В центре — жизнь Софьи и Льва Николаевича. Произведения влияют на жизнь, жизнь влияет на автора. Пьеса основана на воспоминаниях современников и дневниках самого писателя. Марюс Ивашкявичюс в течение нескольких лет изучал жизнь и творчество Льва Толстого, собирал факты, общался с исследователями творчества писателя, но, повторюсь, сам Лев Толстой в пьесе не появляется, присутствуя лишь в репликах персонажей. «Русский роман» — многозначное понятие, а Марюс создал многослойный мир. По-моему, название полностью соответствует замыслу.
— Миндаугас, за четыре года вашей работы в качестве художественного руководителя произошло обновление театра Маяковского во всех смыслах. Была проведена реконструкция, появилась сцена на Сретенке, создано 23 новых спектакля, пришли молодые талантливые режиссеры и актеры, но при этом остался старый репертуар. Вы создали площадку, которая дает возможность состояться молодым талантам, а это редчайшее качество, зачастую худруки люди крайне эгоцентричные…
— Последняя премьера состоялась в марте — спектакль «Плоды просвещения». Насчет эгоцентризма… это вопрос воспитания. Я сын бывшего председателя колхоза и хорошо понимаю, что председатель — это самый трудящийся человек. Но при этом любой тракторист важен, потому что ему работать, ему пахать… Театр — это такое место, куда люди приходят, уходят, а театр остается, там все важны и конечный результат зависит от каждого. Театр нельзя разрушать, его надо строить, а для этого — любить и глубоко понимать.

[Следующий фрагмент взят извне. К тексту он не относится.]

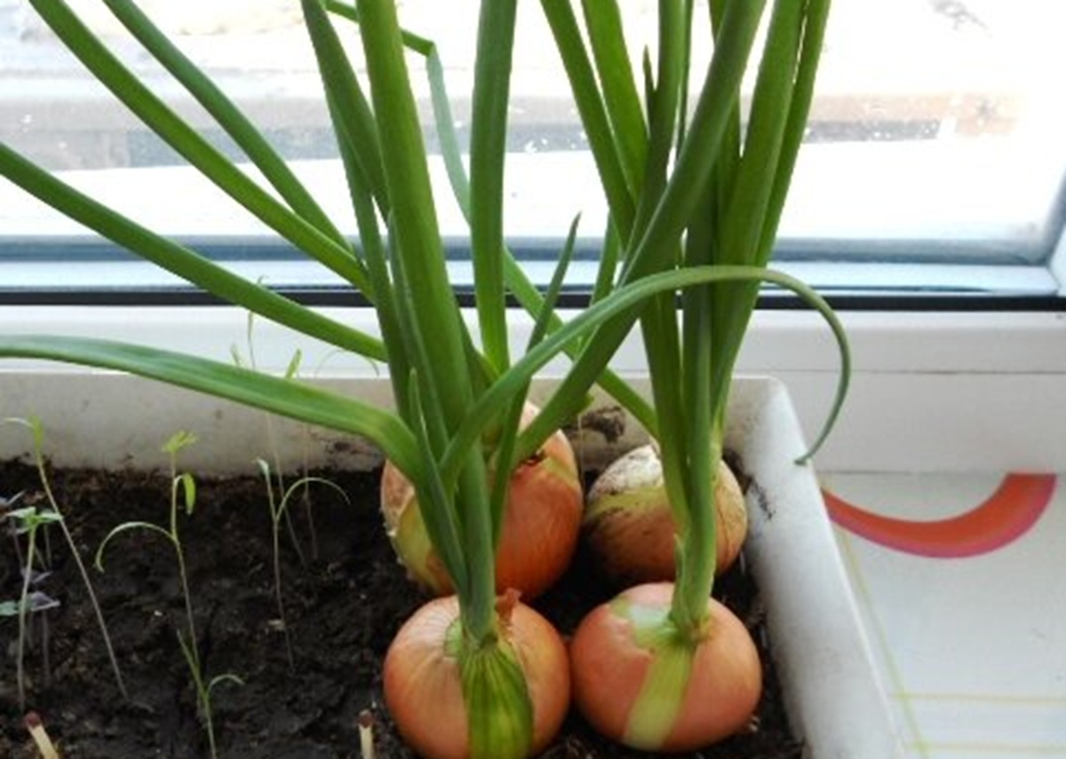 Lai iegūtu skaistus, sulīgus zaļumus, ieteicams kasti ar sīpoliem atstāt siltā vietā vairākas dienas, pat tumsā. Kad parādās pirmie dzinumi, pārvietojiet kasti uz palodzes, kur tie sāks spēcīgi augt, un dzeltenie dzinumi pārvērtīsies spilgtā zaļumā.
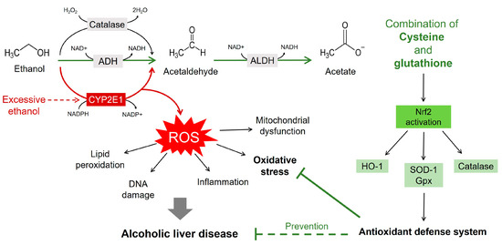 Persistent and excessive alcohol consumption promotes the microsomal ethanol oxidation system rather than the dehydrogenase pathway. During this process, instead of ADH, cytochrome P450 2E1 (CYP2E1) is activated in the liver to break down acetaldehyde [6]. Ethanol metabolism by CYP2E1 generates excess reactive oxygen species (ROS) and depletes glutathione (GSH) in hepatocytes. GSH is an antioxidant that plays an important role in ROS scavenging and is present at high levels in mammalian cells. Depletion of GSH is commonly observed in chronic alcohol consumption and liver diseases involving oxidative stress [7]. Large amounts of ROS are generated by the activation of CYP2E1, which damages DNA, proteins, and lipids and accumulates lipid peroxides. The risk of alcoholic liver disease by inducing proinflammatory cytokine production and apoptosis is also increased [8]. Consequently, chronic alcohol consumption is a major contributor to oxidative stress, which not only promotes ROS production but also disrupts the redox system homeostasis of the body.
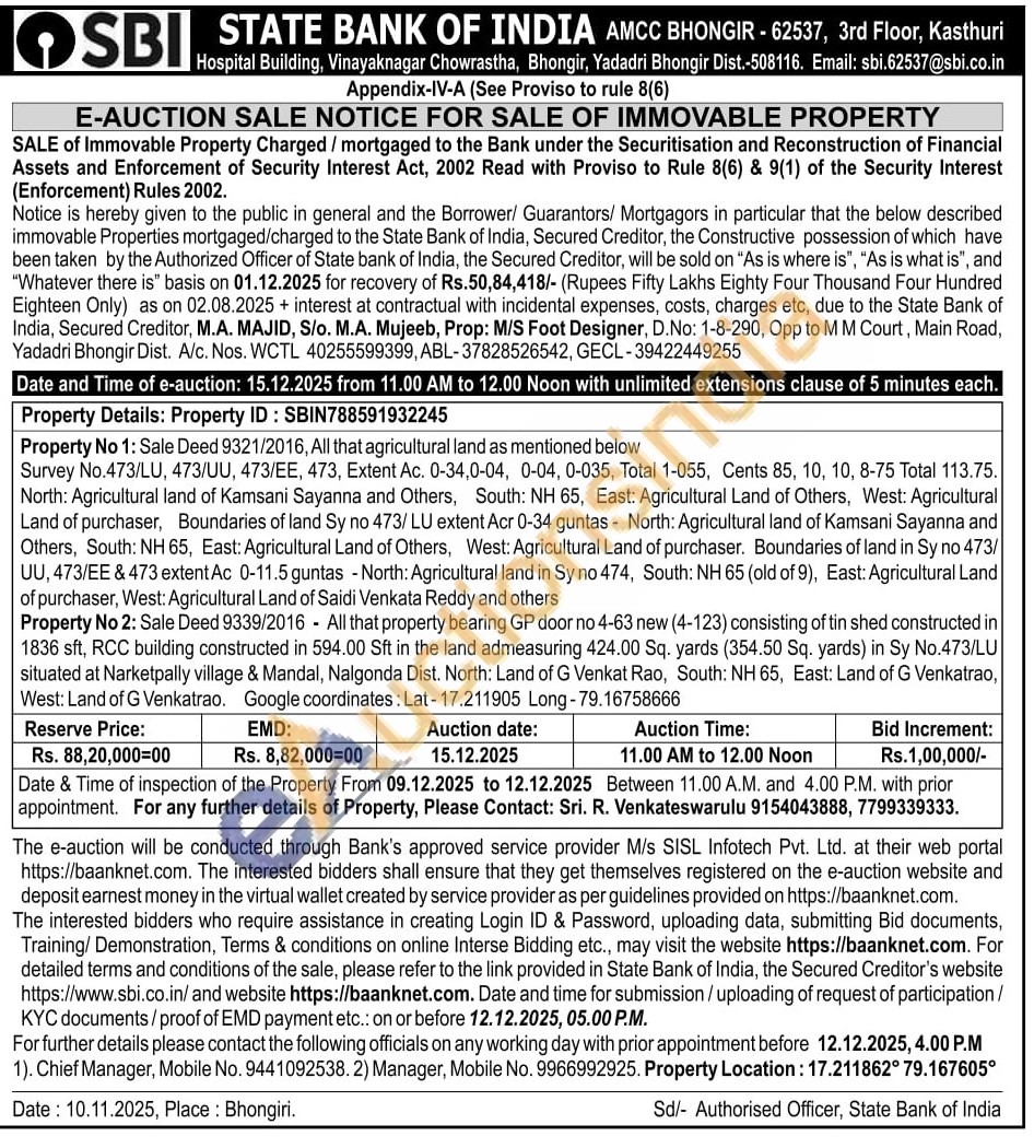 Property No 2: Sale Deed 9339/2016 All that property bearing GP door no 4-63 new (4-123) consisting of tin shed constructed in 1836 sft, RCC building constructed in 594.00 Sft in the land admeasuring 424.00 Sq. yards (354.50 Sq. yards) in Sy No.473/LU situated at Narketpally village & Mandal, Nalgonda Dist. North: Land of G Venkat Rao, South: NH 65, East: Land of G Venkatrao, West: Land of G Venkatrao. Google coordinates: Lat-17.211905 Long-79.16758666

— Художник — человек независимый по своей природе, ведь задача художника — любой ценой донести свое видение. А руководитель, в силу ответственности, не может быть таким бескомпромиссным. Скажите, было ли вам сложно совмещать эти две роли, были какие-то внутренние противоречия? Или все сложилось органично?
— Для меня все было довольно органично. В какой-то момент мне стало не хватать ответственности, поскольку я как-то быстро выставил себя в качестве режиссера на театральную витрину и быстро выполнил свою задачу: я есть. Пришло время обзаводится театральной семьей, а она уже подскажет потом, как ты должен развиваться. Мне совершенно все нравится, мне интересно то, что делается, а насчет того, эффективно или не эффективно, не знаю. По сути, быстрый эффект в большом театре возможен, но если кто-то очень быстро достигает каких-то высот, то нужно посмотреть, не было ли за этим многих лет трудов. И так в любом деле.
— Я прочитала в одном из ваших давнишних интервью, что вы хотели бы, чтобы все происходило немного медленнее, чтобы была возможность от чего-то отказаться, над чем-то поразмышлять, просто сконцентрироваться. Но последнее время вы живете в стремительном ритме. Премьеры, ваши собственные постановки, гастроли, новая сцена на Сретенке… Нет желания, чтобы все происходило немного медленнее?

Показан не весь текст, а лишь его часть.